YOUR GOAL ->
Please copy the lines below, exactly as they are, from the one with "Непогода застала жителей" through the one with "Wysoka porażka juniorów", and leave out the pictures.

LISTED RECORDS ->
☆ ☆ ☆ ☆
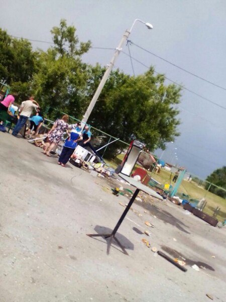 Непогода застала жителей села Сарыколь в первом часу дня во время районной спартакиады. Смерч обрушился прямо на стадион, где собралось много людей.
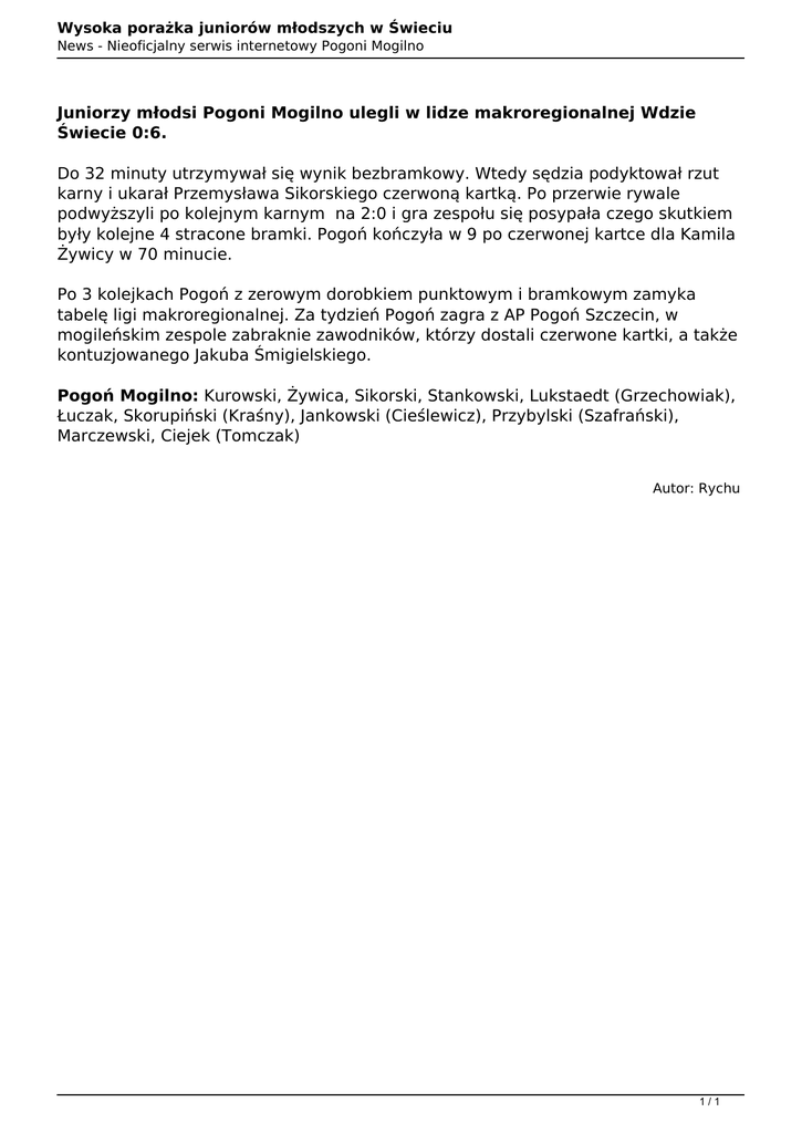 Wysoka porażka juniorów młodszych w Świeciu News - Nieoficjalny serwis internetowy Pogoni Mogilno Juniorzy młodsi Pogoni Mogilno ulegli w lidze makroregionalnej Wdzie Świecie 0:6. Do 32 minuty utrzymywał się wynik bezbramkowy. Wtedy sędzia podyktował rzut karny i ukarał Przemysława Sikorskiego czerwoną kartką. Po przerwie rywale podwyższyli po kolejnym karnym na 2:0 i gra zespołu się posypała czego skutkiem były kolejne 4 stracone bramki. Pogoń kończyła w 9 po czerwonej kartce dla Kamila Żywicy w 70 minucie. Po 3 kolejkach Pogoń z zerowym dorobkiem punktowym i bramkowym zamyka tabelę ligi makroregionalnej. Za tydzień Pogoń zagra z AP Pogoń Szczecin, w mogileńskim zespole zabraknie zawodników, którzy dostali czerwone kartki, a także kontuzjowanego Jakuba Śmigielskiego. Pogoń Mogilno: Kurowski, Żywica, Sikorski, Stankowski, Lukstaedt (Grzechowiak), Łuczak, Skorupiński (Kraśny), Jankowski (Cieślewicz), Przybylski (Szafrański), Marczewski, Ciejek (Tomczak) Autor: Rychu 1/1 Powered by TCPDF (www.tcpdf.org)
☆ ☆ ☆ ☆
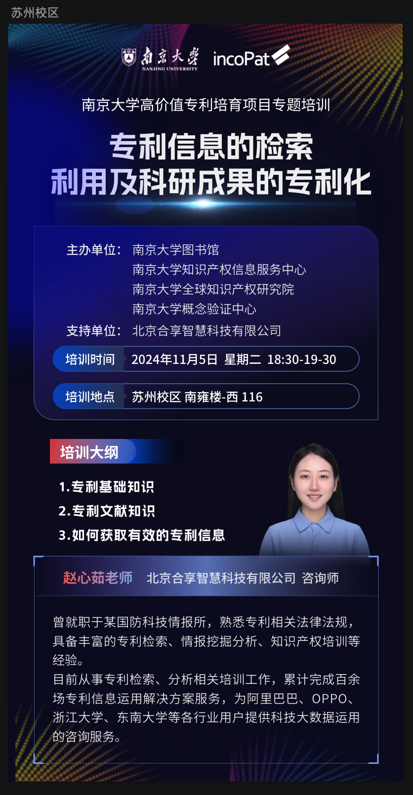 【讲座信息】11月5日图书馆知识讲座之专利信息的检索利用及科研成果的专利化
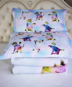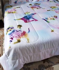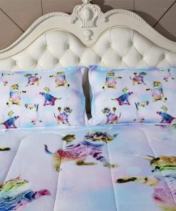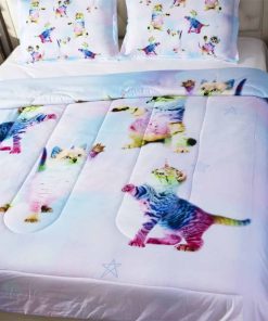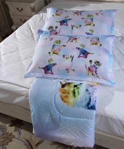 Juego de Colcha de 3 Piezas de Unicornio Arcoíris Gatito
☆ ☆ ☆ ☆
FINISHED TASK ->
 Непогода застала жителей села Сарыколь в первом часу дня во время районной спартакиады. Смерч обрушился прямо на стадион, где собралось много людей.
 Wysoka porażka juniorów młodszych w Świeciu News - Nieoficjalny serwis internetowy Pogoni Mogilno Juniorzy młodsi Pogoni Mogilno ulegli w lidze makroregionalnej Wdzie Świecie 0:6. Do 32 minuty utrzymywał się wynik bezbramkowy. Wtedy sędzia podyktował rzut karny i ukarał Przemysława Sikorskiego czerwoną kartką. Po przerwie rywale podwyższyli po kolejnym karnym na 2:0 i gra zespołu się posypała czego skutkiem były kolejne 4 stracone bramki. Pogoń kończyła w 9 po czerwonej kartce dla Kamila Żywicy w 70 minucie. Po 3 kolejkach Pogoń z zerowym dorobkiem punktowym i bramkowym zamyka tabelę ligi makroregionalnej. Za tydzień Pogoń zagra z AP Pogoń Szczecin, w mogileńskim zespole zabraknie zawodników, którzy dostali czerwone kartki, a także kontuzjowanego Jakuba Śmigielskiego. Pogoń Mogilno: Kurowski, Żywica, Sikorski, Stankowski, Lukstaedt (Grzechowiak), Łuczak, Skorupiński (Kraśny), Jankowski (Cieślewicz), Przybylski (Szafrański), Marczewski, Ciejek (Tomczak) Autor: Rychu 1/1 Powered by TCPDF (www.tcpdf.org)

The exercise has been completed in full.